Богдану и зятю Пиапона тоже понравились грибы.
— Неплохо было бы сейчас тяпнуть за встречу, — сказал Митрофан.
— Хватит тебе, давеча и так возвернулся выпимший, — прервала его Надежда.
— Ничего, Пиапон, когда я тебе повезу булочки, то чего, может, и придумаю.
— Может, и мне приехать, твою жену и дочерей научить стряпать, а? Чего тебе, теперича ты богатый, — оживилась Надежда.
— Правильно, очень хорошо, — обрадовался Пиапон. — Послезавтра тебя ожидать будем. Только оманывать не надо.
— Нет, Пиапон, приедем обязательно, — затвердила Надежда.
«Хоть бы осетрина какая попалась», — подумал Пиапон.
Он недавно выставил снасти, раз проверял, но ничего не поймал.
После горячей картошки с малосольной кетой пили чай, потом мужчины закурили. В беседе время незаметно промелькнуло, и гости стали собираться в дорогу.
— Митропан, Надя, эта мука и крупа ваши, — сказал Пиапон. — Не говорите, берите, кашу варите, булочки пеките.

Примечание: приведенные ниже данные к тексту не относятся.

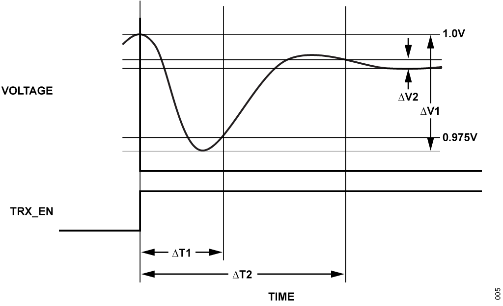 Figure 5 is a diagram that shows the requirements of settling time of the 1.0 V supply domain. The disturbance is caused by turning on all the transmitter channels simultaneously during a TDD slot. A sudden drop in the 1.0 V supply occurs, when these circuits are enabled. First symbol transmitter EVM can be impacted by power-supply settling with large amplitude variation and long duration. Minimizing settling time and ripple are important for optimizing EVM.

— Да ты что, Пиапон? — запротестовала Надежда первая. — Ты не с ума сошел? Это же столько стоит…
Пиапон улыбнулся.
— А дом мой сколько стоит? Печка сколько стоит?
— Нет, Пиапон, как хочешь, но муку эту не возьму, — заявила Надежда. — Или хлебы напеку, шанежки и привезу.
— Тогда я никогда заходить сюда не буду, — нахмурился Пиапон, — тогда я совсем забуду этот дом. Булочки, шанежки не вези в Нярги, обратно выгоню. Там, в Нярги, будешь их печь. Пиапон шибко злой, его не надо серчать.
Хозяевам оставалось только согласиться с упрямым Пиапоном. И еще раз поблагодарив его, Митрофан и Надежда пошли провожать гостей.
— Приезжайте, — сказал на прощание Пиапон и повел упряжку на берег, удерживая за постромки; собаки смиренно шли за ним, но нет-нет, то одна, то другая с лаем бросались на коров или свиней.
Богдан вел другую упряжку, он мысленно попрощался с хозяином железных ниток, глядя на заиндевелые окна его дома.
Пиапон вывел на дорогу упряжку, вскочил на нарты.
— Тах! Тах! — прикрикнул он на собак, и те вихрем помчали тяжелую нарту. Они спешили домой, дома их ждал корм.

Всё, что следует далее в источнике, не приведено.